Individual differences in foreign language attainment of children with poor literacy skills
thesisposted on 28.03.2022, 23:23 authored by Alexa Von Hagen
A common belief in many educational contexts is that students with poor literacy skills are worse at learning foreign languages than their peers with typical literacy skills. Past research confirms this concern. However, this evidence is almost entirely based on group studies, which average highly variable performance of individual children. A systematic investigation of individual differences in the foreign language attainment of children with poor literacy skills is currently missing. The present project aimed to fill this gap. The first chapter is a systematic review and meta-analysis of the available evidence on this topic.
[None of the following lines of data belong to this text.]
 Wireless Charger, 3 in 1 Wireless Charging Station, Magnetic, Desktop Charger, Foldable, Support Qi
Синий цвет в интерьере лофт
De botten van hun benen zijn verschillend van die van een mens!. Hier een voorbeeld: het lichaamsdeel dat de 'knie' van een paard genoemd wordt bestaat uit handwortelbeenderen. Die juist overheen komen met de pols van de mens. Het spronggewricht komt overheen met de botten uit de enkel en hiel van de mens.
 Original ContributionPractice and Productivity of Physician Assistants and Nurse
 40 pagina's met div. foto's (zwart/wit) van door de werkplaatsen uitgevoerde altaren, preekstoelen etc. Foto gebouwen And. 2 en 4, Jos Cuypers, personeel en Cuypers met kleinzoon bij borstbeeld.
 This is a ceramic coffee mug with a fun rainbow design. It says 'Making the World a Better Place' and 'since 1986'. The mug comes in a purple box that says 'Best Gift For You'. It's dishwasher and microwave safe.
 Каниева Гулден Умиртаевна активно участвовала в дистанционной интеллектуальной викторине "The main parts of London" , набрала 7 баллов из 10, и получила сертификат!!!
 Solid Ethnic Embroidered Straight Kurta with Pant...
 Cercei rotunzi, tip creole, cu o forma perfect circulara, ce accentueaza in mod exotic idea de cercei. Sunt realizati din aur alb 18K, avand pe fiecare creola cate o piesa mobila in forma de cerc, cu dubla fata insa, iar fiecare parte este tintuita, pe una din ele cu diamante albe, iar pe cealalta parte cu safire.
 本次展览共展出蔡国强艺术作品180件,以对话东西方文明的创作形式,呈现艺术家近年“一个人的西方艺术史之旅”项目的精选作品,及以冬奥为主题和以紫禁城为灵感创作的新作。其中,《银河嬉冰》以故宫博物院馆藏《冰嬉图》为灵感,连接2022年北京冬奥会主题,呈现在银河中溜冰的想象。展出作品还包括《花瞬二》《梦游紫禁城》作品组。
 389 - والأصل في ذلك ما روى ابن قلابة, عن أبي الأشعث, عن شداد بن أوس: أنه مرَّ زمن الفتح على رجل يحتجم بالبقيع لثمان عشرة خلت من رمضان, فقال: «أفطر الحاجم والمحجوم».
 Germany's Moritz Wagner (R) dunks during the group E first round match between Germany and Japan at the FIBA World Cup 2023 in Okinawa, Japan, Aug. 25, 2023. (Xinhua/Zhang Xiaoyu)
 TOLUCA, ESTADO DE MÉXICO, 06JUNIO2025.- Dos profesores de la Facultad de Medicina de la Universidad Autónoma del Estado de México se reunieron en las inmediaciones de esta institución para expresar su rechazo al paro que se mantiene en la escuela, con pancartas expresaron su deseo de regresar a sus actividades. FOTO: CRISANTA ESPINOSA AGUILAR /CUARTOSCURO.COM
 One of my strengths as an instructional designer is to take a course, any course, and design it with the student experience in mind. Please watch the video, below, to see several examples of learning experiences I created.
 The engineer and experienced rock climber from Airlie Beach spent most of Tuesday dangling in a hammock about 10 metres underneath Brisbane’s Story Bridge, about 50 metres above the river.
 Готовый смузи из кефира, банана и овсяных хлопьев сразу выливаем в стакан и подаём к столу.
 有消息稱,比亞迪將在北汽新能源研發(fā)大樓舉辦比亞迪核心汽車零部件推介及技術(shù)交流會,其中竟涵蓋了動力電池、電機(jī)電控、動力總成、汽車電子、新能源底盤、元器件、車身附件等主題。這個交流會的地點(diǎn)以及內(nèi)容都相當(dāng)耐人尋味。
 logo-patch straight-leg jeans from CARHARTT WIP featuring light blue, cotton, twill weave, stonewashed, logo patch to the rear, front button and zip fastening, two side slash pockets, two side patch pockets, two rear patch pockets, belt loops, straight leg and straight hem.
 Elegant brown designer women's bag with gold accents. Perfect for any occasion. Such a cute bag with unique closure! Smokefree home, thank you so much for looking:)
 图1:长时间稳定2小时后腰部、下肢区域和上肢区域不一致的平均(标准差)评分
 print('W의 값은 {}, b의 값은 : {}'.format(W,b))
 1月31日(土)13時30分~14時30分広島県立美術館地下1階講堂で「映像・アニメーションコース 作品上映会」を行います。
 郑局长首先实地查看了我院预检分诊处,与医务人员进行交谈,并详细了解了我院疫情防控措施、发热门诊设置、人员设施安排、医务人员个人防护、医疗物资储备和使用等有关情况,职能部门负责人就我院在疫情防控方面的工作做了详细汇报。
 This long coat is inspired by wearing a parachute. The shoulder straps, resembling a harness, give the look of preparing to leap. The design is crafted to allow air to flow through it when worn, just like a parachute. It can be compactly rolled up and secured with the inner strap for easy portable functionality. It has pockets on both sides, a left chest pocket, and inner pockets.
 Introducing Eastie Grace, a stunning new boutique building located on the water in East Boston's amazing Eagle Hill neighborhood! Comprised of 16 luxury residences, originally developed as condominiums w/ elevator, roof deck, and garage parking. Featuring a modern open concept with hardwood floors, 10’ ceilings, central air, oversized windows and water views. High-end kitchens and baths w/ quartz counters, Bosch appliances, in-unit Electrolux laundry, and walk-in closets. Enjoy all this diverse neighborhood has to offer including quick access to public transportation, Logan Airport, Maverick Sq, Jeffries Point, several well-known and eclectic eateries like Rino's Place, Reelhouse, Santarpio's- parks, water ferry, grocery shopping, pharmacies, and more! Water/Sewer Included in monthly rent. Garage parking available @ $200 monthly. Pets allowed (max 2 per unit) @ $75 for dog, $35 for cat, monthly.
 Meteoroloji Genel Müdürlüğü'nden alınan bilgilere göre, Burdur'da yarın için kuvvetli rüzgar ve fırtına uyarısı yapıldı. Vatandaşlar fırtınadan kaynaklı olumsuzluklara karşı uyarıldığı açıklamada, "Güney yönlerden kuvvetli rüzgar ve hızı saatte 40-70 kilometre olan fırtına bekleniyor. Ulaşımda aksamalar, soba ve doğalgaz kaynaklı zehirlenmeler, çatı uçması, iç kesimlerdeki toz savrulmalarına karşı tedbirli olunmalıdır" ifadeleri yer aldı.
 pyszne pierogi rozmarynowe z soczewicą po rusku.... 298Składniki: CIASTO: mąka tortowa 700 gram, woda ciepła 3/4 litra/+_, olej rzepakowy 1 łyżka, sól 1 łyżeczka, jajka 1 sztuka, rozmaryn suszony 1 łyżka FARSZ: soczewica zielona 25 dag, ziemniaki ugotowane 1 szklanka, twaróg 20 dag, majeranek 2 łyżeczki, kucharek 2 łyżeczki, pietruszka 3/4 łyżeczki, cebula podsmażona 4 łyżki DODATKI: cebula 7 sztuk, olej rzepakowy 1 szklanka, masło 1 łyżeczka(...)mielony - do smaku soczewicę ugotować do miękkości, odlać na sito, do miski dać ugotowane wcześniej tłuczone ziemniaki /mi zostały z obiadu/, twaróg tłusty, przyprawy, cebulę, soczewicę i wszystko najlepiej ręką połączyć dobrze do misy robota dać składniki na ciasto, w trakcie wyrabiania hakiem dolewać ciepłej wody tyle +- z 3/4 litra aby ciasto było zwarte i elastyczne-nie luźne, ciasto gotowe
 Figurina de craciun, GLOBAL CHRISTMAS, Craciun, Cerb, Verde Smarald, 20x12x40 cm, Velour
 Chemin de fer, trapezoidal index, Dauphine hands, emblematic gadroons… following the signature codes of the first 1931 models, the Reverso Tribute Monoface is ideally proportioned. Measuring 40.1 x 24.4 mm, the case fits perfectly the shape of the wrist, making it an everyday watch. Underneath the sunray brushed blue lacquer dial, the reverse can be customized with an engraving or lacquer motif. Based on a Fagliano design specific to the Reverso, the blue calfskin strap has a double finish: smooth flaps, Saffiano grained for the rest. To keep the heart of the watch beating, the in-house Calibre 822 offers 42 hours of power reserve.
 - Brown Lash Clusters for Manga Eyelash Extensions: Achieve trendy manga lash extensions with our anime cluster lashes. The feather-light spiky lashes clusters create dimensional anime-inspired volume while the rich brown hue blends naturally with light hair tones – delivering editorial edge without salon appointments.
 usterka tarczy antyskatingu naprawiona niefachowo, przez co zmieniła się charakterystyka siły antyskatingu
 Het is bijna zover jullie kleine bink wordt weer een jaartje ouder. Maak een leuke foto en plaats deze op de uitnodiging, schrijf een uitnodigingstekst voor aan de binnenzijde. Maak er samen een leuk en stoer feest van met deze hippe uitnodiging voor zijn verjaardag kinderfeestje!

The second chapter investigated to what extent results of group comparisons between children with poor and typical literacy skills are representative of the individual foreign language performance of poor readers/spellers. The third chapter explores potential sources of this variability, with a focus on native language skills. Finally, in the fourth chapter, foreign language word knowledge is examined as a function of task complexity and word characteristics. In summary, this project deepens our understanding of individual differences in foreign language attainment of children with poor literacy skills. Our findings reveal that the common belief that children with poor literacy skills are worse at learning foreign languages than their classmates with average literacy skills, does not hold for every child with poor literacy skills. Even when foreign language learning difficulties emerge, the subskills in which poor readers/spellers struggle are quite diverse. The extent to which these foreign language deficits are associated with equivalent native language deficits seems to vary across subskills. Overall, the results of this project provide new insights to guide parents and teachers in making evidence-based decisions on the foreign language education of children with poor literacy skills.